Thanks for this and the link repeated here because of a missing .

Joey Deacon
Joey Deacon
30 Aug 2008 11:39

Thanks for spotting that Don. :-)

30 Aug 2008 22:39

What is all this rubbish about fairtrade? who is it fair too? who are the biggest beneficiaries? Every where the men of the cloth touch down in Africa, it is a disaster.
Speak to some of the producers who got sucked into this not-so-fairtrade business and then speak to those that belong to other cooperatives.

Contractual arrangements are hard to understand for many in this country, when many are supposed to have had some sort of education, imagine what a contracual arrangement is for those with no or very little education?

Fairtrade is not what it appears to be, and I would suggest that those who think it is of benefit to the producers in the way it is claimed, had better start to dig deeper to find the real truth.

At a Dawlish Town Council meeting which was once taken over by fairtrade, not once were any figures mentioned as to how much better off the producers are who belong to the fairtrade cooperative.

It is my belief that fairtrade is a sort of charity where no one know's who are the real beneficiaries. We know what the supporters of fairtrade say, but they have great difficulty in producing figures to show who and by how much producers benefit from the increased premium which is applied to all fairtrade goods.

It sounds a good idea, and probaly would be if there was more trancparency into the way it is run and by whom.

Producers live in mud huts, where do the organizers live?

Don Pearson
Don Pearson
31 Aug 2008 10:33

Many years ago, I disapproved of Israel because of their treatment of the Palestinians and of South Africa because of South Africa.

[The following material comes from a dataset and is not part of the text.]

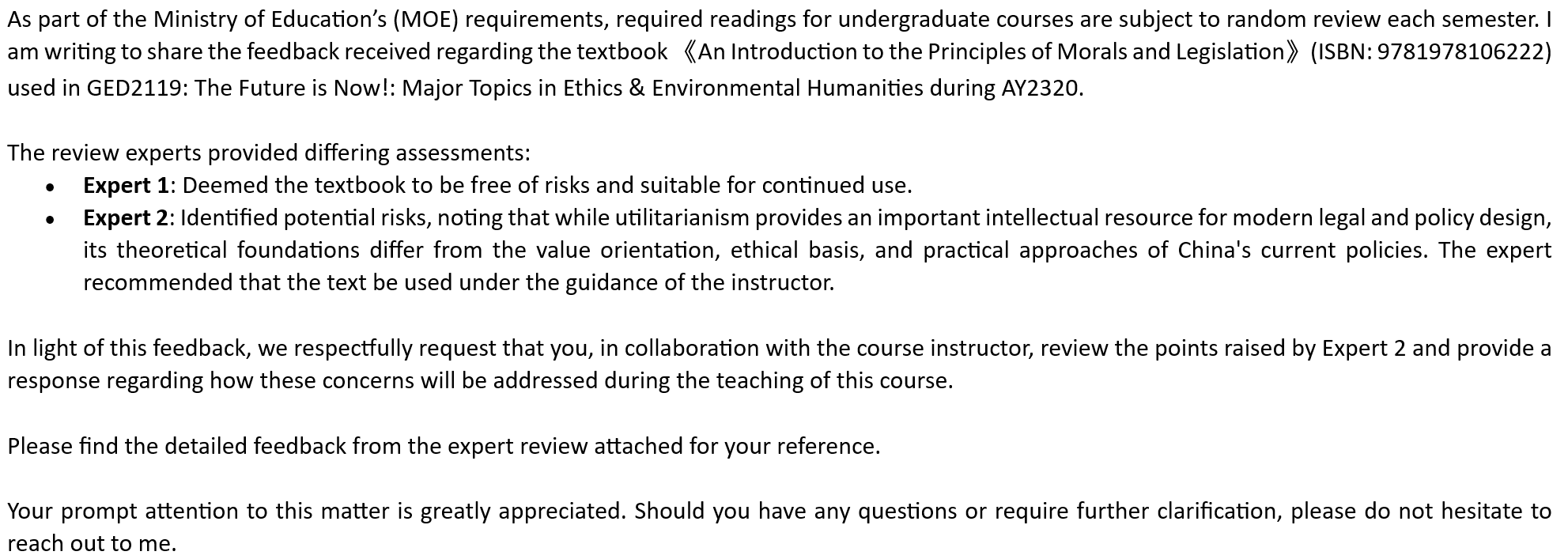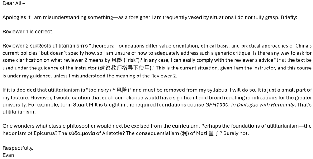 I scrolled down to find the following feedback from the Chinese Minestry of Education. They had been reviewing my course materials, and found one of my texts to be an issue. Copied here is the concern:

As a result I would not eat any of the oranges that you could get here. Until 1975, when Franco died, I would not eat marmalade made with oranges from fascist Spain.

I am uncomfortable knowing that almost everything that I need to live involves exploitation of some and the accumulation of wealth by others.

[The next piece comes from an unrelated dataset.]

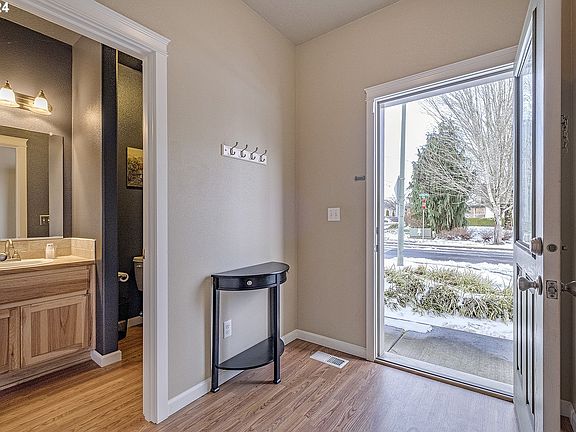 Charming starter home on a coveted corner lot. Perfect for first time home buyers. Step inside and be greeted by tall ceilings that create an open and airy atmosphere, enhancing the overall sense of space and comfort. The home has been maintained well, almost like new. Kitchen offers stainless steel appliances and beautiful wood cabinetry. The living room has ceiling fan and a gas fireplace for cozy evenings in. Primary bedroom has vaulted ceilings. Laundry on upper level near bedrooms. Heat pump with AC included. Enjoy the backyard deck in the summer. There is a small side yard for your furry friends. Fully fenced yard and garden shed out back for storage. Short walk to Forest Grove downtown farmers markets or use the aquatic center located in close vicinity as well as Pacific Unv. Could be a good investment property too. Home qualifies for 100% USDA. Turn key and move in ready!

In buying homes, financial services and holidays, large commissions are taken by agents who frequently seem to do little for what they receive.

Taking all the above as a given, we live in an imperfect world. Surely it is no bad thing for people to try to make small steps towards improving it through choosing to make donations to charity or buying fairtrade products?

Don Pearson
Don Pearson
31 Aug 2008 10:40

In the post above I meant to say that I disapproved of South Africa because of Apartheid.

31 Aug 2008 16:41


Are you saying you are content to give to charity even though you are aware that charity organisations and collectors are siphoning off a percentage of these donations for themselves?

Don Pearson
Don Pearson
31 Aug 2008 19:18

I apologise if what I was saying was unclear. I am not trying to persuade anyone as to what they should do on these issues. People are able to make up their own minds and any questions I pose are for readers to answer to themselves, not to me.

I am prompting Viaduct,yourself and others generally, to consider from a different perspective from that taken in some other posts:

a)Let us say that a large part of what we spend on petrol goes in tax and we object having the tax at all and even more to the amount of it.
Should we avoid buying petrol, which we need?

b)Let us say that some part of what we spend on a holiday goes in travel agent fees and we onject to that. Should we avoid buying the holiday, which is discretionary spending on something we want to do?

c)Let us say that some part of a donation or fairtrade purchase goes to a middleman of some sort rather than the people whom we want to help. Should we avoid giving in this way, which is again discretionary spending that we hope will do some good?

The word "content" never came close to my intent. I am not content any more than I am complacent. But I do what I decide to do, even if I am not always happy with all of the circumstances surrounding my doing it.